Bartholomew I, the Ecumenical Patriarch of Constantinople, is the primus inter pares or "first among equals" in the Orthodox hierarchy. He has condemned Russia’s invasion of Ukraine and fighting between the two predominantly Orthodox countries, during a three-day visit to Poland: "Any war is to be condemned, but a war between Orthodox Christians is absolutely unacceptable." Bartholomew has been at odds with the Moscow patriarch, Kirill, over Ukraine. The Moscow Patriarchate has sought to anoint itself the true seat of Orthodoxy ever since Constantinople fell to Islamic invaders in 1453. So, Moscow has been at loggerheads for centuries with the ecumenical patriarch of Constantinople, always the spiritual leader of the Orthodox Christians. But, the testy relations between Kirill and the Bartholomew have burst into the open over the war.


Ukraine has been a particular source of antagonism between the two hierarchs. In 2019, Bartholomew granted independence, called “autocephaly,” to church in Ukraine, which had been subordinate to Moscow since 1686. In response, the Russian church severed contacts with Bartholomew. More than half of Ukraine’s parishes rejected the decision and stayed under Moscow’s jurisdiction.


There are 45 dioceses in Ukraine, comprising of nearly 20,000 parishes, of which 22 have stopped mentioning Patriarch Kirill during prayers. But many bishops have not condemned Putin over the invasion. Some faithful in Ukraine question the silence of the bishops, wondering aloud whether they are fans of Putin, have been bribed or blackmailed to stay quiet, or are hedging their bets lest Moscow prevails in the war.


Patriarch Kirill of Moscow had repeatedly bestowed blessings on the Russian military, giving a historical golden icon of the Virgin Mary to a senior commander, for example, and casting the war as a holy struggle to protect Russia from what he called Western scourges such as gay pride parades. He has been a vocal supporter of Russian President Vladimir Putin, with the church receiving vast financial resources in return. Patriarch Kirill of Moscow has provoked widespread anger with a series of sermons and speeches, including saying that the country is battling the Antichrist, and urged Russians to rally around the government. Kirill has avoided condemning widely documented attacks on civilians, many of whom are his parishioners.

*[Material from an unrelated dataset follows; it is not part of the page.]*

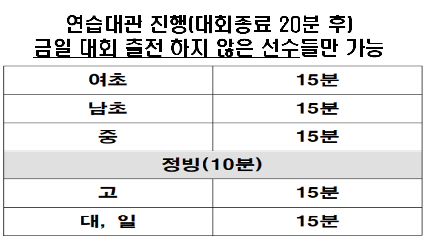 - 1, 2, 3일차 경기 종료 후 연습대관 진행

Patriarch Kirill is closest advisor to Putin


With the Eastern Orthodox Easter approaching this Sunday (April 24), the war is dividing national churches, parishes and even families as they reassess relations with Patriarch Kirill and the Russian Orthodox Church. By tradition, Orthodox worshippers pray for their patriarch at all services. “How can you pray for the patriarch who is blessing the soldiers trying to kill your son?” is the refrain of not only Ukrainian Orthodox Christians but also most Orthodox faithful outside Russia.


Thou shall not kill?


"We, as a nation, do not wish death to our neighbors," Metropolitan Epiphanius I of Ukraine, head of Ukrainian Orthodox Church, said. "However, since they came to our land, we’re defending our land. Protecting ourselves is not a sin." He claimed that the "signs" were revealed to indicate this, citing "Pride, devotion to evil, ruthlessness and false religiosity." He has been very vocal in his support for Ukrainian resistance to Russia’s invasion. There "was Nazi leader Adolf Hitler during World War II," Epiphanius claimed, "This is what Putin has become today." "This spirit of love and truth, which are on our side, testify that with God’s help we will achieve victory. Every hour of resistance to aggression brings us closer to this," he implicitly meant that God is on Ukrainian side.

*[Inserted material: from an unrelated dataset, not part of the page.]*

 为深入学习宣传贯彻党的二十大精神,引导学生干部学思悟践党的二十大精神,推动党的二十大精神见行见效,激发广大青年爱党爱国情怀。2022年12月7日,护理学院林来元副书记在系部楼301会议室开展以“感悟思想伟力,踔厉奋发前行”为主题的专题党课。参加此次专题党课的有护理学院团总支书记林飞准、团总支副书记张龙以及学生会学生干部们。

The Metropolitan of Kiev and All Ukraine, Metropolitan Onufry, head of the Moscow Patriarchate in Ukraine, appealed to Putin for an “immediate end to the fratricidal war” and accused him of “a repetition of the sin of Cain, who killed his own brother out of envy.”


But for now, the devil quotes the Scriptures: Putin proclaims, “There is no greater love than giving up one’s soul for one’s friends.” That is the only “spiritual space” shared by both Russian and Ukrainian leadership in conducting thus war.


As Pope Francis said in his Easter Sunday (April 17) homily at St. Peter’s Square: “rivers of blood and tears are flowing in Ukraine. This is not just a military operation but a war, which sows death, destruction, and misery.” And yet, in all this, he did not mention Putin, or Russia, or an invasion. The pope has been criticized for avoiding directly saying that Russia invaded Ukraine and blaming the Russian president for the attack.



On March 16, Pope Francis spoke via video link with Patriarch Kirill. “As pastors we have the duty to stay close and help all the people who suffer because of the war,” Francis said. While he observed that in the past both churches spoke of “holy wars” and “just wars,” he went on to insist that “today we can’t talk this way.” 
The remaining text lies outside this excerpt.